Panasonic SC-PT480 DVD Home Cinema System - Panasonic SC-PT480

By Danny Phillips



Our Score:


Perhaps this system’s most attractive feature is the built-in iPod dock, located under a flap on top of the unit. All types of iPod are supported (including the iPhone) with the relevant dock insert and you can play music, videos and photos using the system’s interface. Additionally, there’s a USB port on the front that allows you to play MP3, WMA, DivX, MPEG-4 and JPEG without having to load everything onto disc first. It’ll also play the same file types from DVD and CD, plus it spins most recordable DVD formats except DVD-RAM.

Elsewhere on the spec sheet, the system musters a quoted total power output of 1000W, and features a range of surround sound modes. These include Dolby Pro Logic II Movie/Music and S.SRD, which outputs sound from all speakers even with stereo material. Additionally there’s Center Focus, which shifts centre channel information to sound like it’s coming from the TV; H.Bass, which enhances low frequencies; Whisper Mode Surround for late-night listening; and a range of EQ modes (Flat, Heavy, Clear, Soft). These features all have their own dedicated buttons on the remote, which makes it easy to switch between them.

But that’s not all. If you hit the Functions button during playback, you’ll uncover even more picture and sound tweaks. These include a range of picture presets (Cinema, Dynamic, Animation and Normal), Panasonic’s ever-present Dialogue Enhancer and HD Enhancer. Using this Functions display, you can also check the status of the HDMI output and access a wide range of other helpful info relating to the current disc. Whether you find them useful or not, it’s good to see Panasonic packing in as many features as possible for the money.

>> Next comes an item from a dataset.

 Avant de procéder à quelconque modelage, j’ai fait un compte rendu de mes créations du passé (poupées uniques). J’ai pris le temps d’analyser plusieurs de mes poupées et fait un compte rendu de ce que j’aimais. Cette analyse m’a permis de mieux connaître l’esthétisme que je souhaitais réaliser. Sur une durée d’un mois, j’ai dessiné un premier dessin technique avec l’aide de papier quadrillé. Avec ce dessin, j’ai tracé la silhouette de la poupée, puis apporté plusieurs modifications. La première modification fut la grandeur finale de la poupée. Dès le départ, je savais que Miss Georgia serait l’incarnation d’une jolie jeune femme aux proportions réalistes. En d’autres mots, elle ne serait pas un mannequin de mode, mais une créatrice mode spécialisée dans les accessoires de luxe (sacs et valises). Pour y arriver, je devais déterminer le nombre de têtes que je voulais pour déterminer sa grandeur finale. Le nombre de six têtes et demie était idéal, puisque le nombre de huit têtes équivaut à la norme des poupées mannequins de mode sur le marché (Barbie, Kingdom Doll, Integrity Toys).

Setup is a breeze. All of the cables are provided, and each one is colour coded not only to correspond with the terminals on the back of the main unit, but also to ensure that the exposed ends are plugged into the correct clips on the speakers – this is important to ensure that they’re not rigged up ‘out of phase’. You even get little stickers to label the cables for future use. As for speaker positioning, you can arrange them in the traditional layout or put them all at the front of the room and use the on-board audio processing to create an expansive soundstage.

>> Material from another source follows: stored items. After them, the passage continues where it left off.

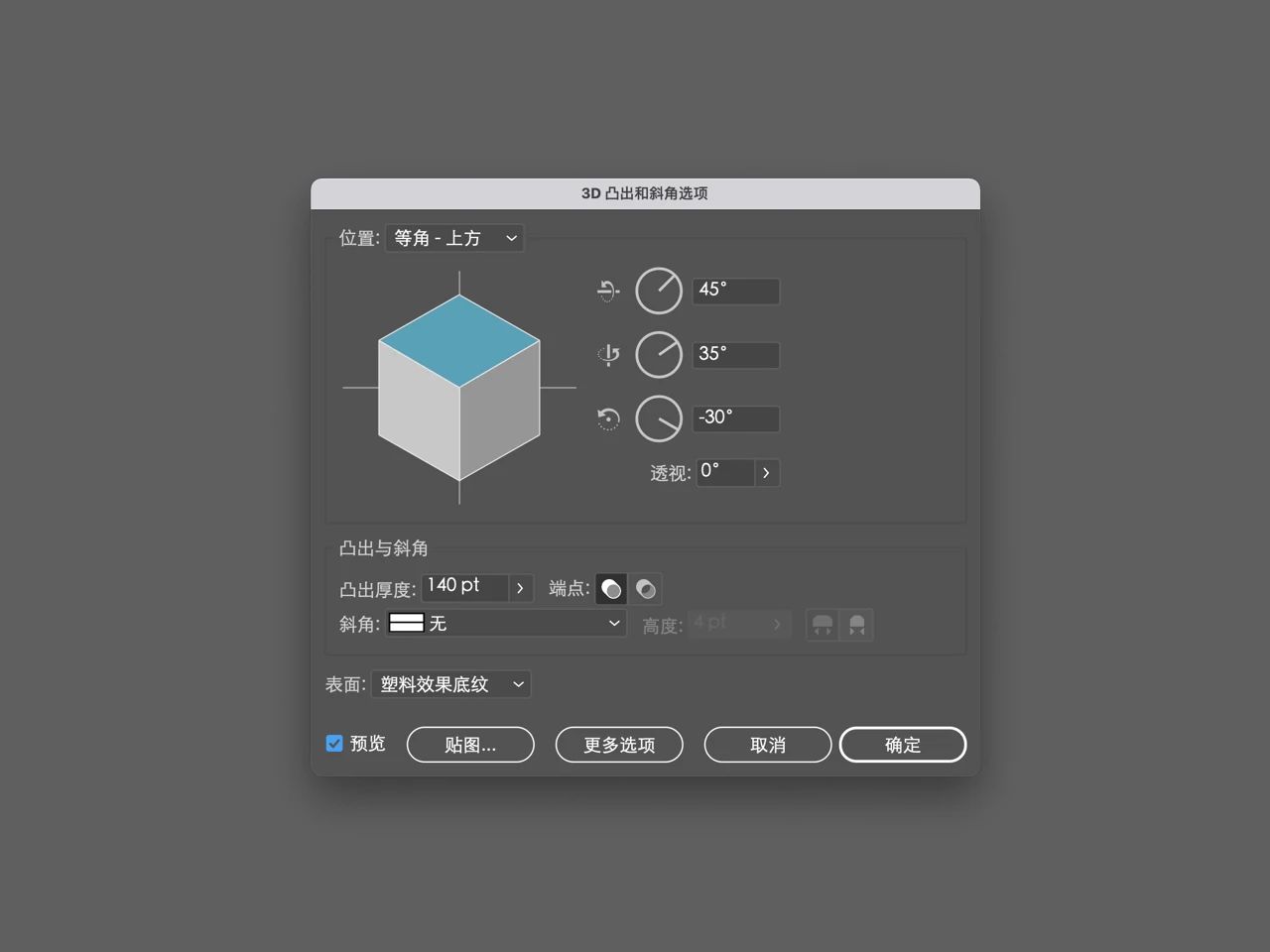 具体操作:打开Ai-画出一个正方形-点击效果-3D-凸出和斜角-等角上方。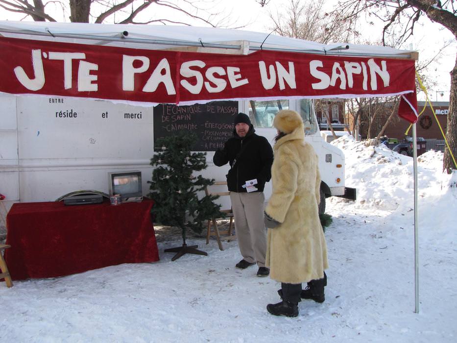 VOX-POP « J’te passe un sapin », devant l’abri mobile de DARE-DARE. Le jeudi 15 et vendredi 16 décembre, de midi à 15 h.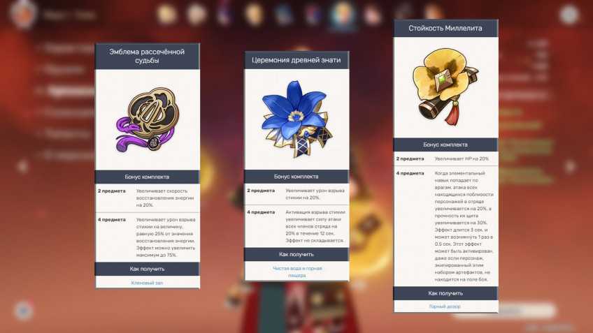 Добавьте две части Millelite Fortress к двум частям эмблемы, и вы получите сбалансированную сборку артефактов для чистых характеристик: + 20% восстановления энергии и + 20% HP. Это принесет пользу всему отряду.Если вы еще не на высоком уровне и не можете фармить 5 * сетов, Том также сделает набор инструктора, если вы используете его в отряде, основанном на элементальной реакции.

The onscreen layout is a tad disappointing. Hit the Start key to access the main menu and the displays are a slightly more rudimentary version of Panasonic’s Blu-ray player menus, using the same blue and yellow colour scheme. Although they’re not complicated, the layout initially seems a bit muddled and the cursor moves around some areas of the setup menu sluggishly. You’ll get used to it after a while but in general this isn’t Panasonic at its user-friendly best.

That said, the remote is up to Panasonic’s usual standards. The chunky buttons, clever segregation of the different sections and foolproof labelling make it the sort of zapper even a five year old could master.


September 10, 2010, 2:30 am

Does this home cinema have a 3.5mm input so i could connect my mp3 player up to it?

Geoff Richards

September 10, 2010, 11:54 am

Aside from the built-in iPod dock?

Yes, it does. It has regular analogue stereo inputs (red/white phono) which you can hook up a non-Apple MP3 player to via a cheap 3.5mm to phono cable (headphone at one end, red & white phono at the other end; £5 on eBay)

Bazza of Watford

September 22, 2010, 1:36 pm

In the review it mentions "the FM radio aerial and speaker terminals". What is the best way to use the unit for playing "the radio"?


October 20, 2010, 4:56 am

Hi, I've recently bought the PANASONIC TX-P50U20B and a Sumsung 1680 Blu-Ray player. I have retained my speakers from my old stereo which broke, this stereo supported dolby digital 5.1 input which was processed by my Sony DVD which had built in decoder and 5.1 outputs direct to my hifi which had 2 front floor standers (built in subs), 2 rear surrounds and a front centre. I don't want to throw away these speakers even though they are Aiwa and from 2001/2, the floor standers were really nice. So the question is 1) should I get a dedicated AV amp and make these speakers work with it or just buy a home cinema system like the Panasonic SC-PT480?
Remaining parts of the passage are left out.